“How Temperature, Humidity, and Pollution Interact in the Global Atmosphere”

Weather is a delicate system of balance where heat, moisture, and particles constantly interact to shape the air we breathe.
Using the Kaggle Global Daily Weather Dataset (2023–2024), we examined how five critical atmospheric variables — temperature, humidity, PM2.5, PM10, and UV index– correlate across global capital cities.
The findings reveal a fascinating picture of interdependence between meteorological and environmental factors and how they define climate experience on a planetary scale.

Correlation Summary

Variable Pair Correlation (r) Relationship Insight
Temperature ↔ Humidity −0.35 Warmer air tends to coincide with lower humidity — characteristic of arid and desert climates.
Temperature ↔ UV Index +0.48 Clearer skies and stronger sunlight raise both UV intensity and surface heat.
Temperature ↔ PM2.5 / PM10 +0.04 / +0.11 Weak links — temperature alone doesn’t drive particulate pollution.
Humidity ↔ PM2.5 / PM10 −0.18 / −0.23 Humid air helps trap or wash out particles, slightly improving air quality.
PM2.5 ↔ PM10 +0.65 Strongly correlated — polluted air contains both fine and coarse particulates.
Humidity ↔ UV Index −0.57 Moisture and cloud cover significantly reduce UV penetration.

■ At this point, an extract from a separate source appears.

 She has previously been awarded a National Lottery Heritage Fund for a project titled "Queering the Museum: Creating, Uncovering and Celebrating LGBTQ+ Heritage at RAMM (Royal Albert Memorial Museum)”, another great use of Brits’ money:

Interpretation of Relationships

  1. Heat and Dryness Go Hand in Hand
    The −0.35 correlation confirms that high temperatures often correspond to low humidity — seen across desert belts such as the Arabian Peninsula, North Africa, and Central Asia.

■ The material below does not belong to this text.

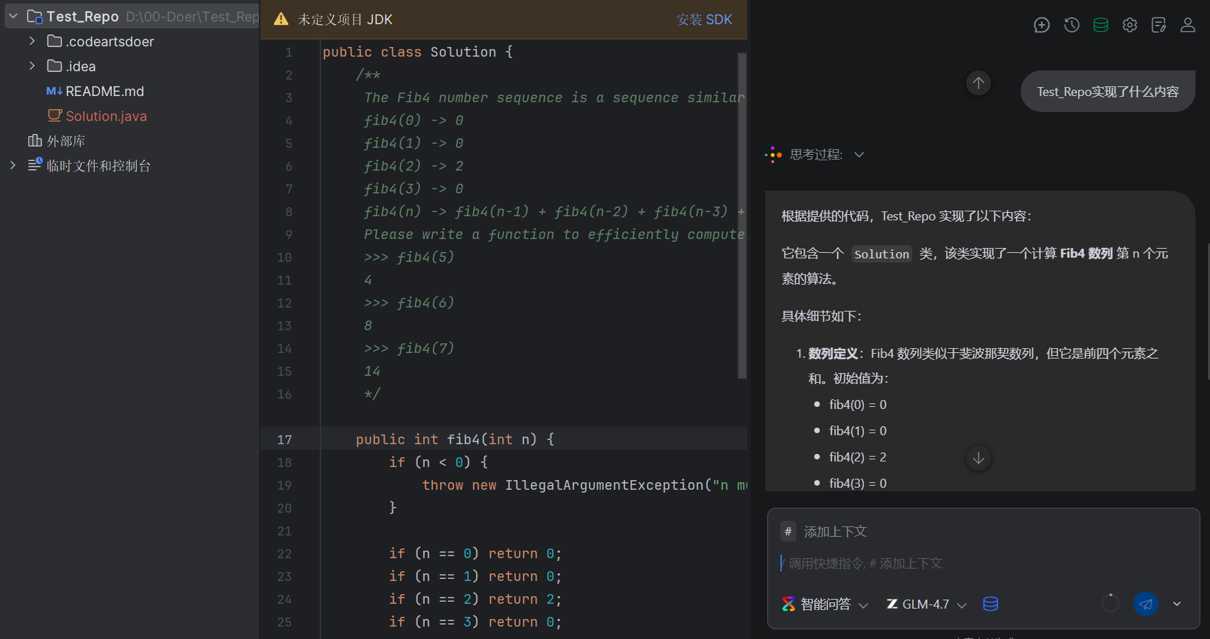 如下图所示,solution.java文件实现了一个计算fib4数列第n个元素的算法。

  2. The Sun–Heat Connection
    A +0.48 correlation between temperature and UV index indicates that the clearest skies also bring the highest solar radiation levels — valuable insight for UV risk forecasting and solar power planning.

  3. Humidity as a Natural Filter
    Negative correlations with PM2.5, PM10, and UV show that moist air serves as an atmospheric moderator, suppressing both pollution dispersion and radiation intensity.

  4. Pollution’s Internal Unity
    PM2.5 and PM10 move together (+0.65), signaling shared sources — industrial emissions, construction dust, and vehicle exhaust — a universal pattern in urban air dynamics.

Key Climate Insights

Observation Implication
Hotter regions are generally drier Higher evaporative demand, less precipitation
Humidity suppresses pollution Moisture enables deposition and particle clumping
UV peaks in clear, arid conditions Greater exposure risk in low-humidity zones
PM2.5 and PM10 share origins Air quality interventions must target both simultaneously

Environmental and Policy Implications

  • ☀️ Public Health: Correlations help identify UV-exposure risk zones and regions prone to pollution-induced respiratory illness.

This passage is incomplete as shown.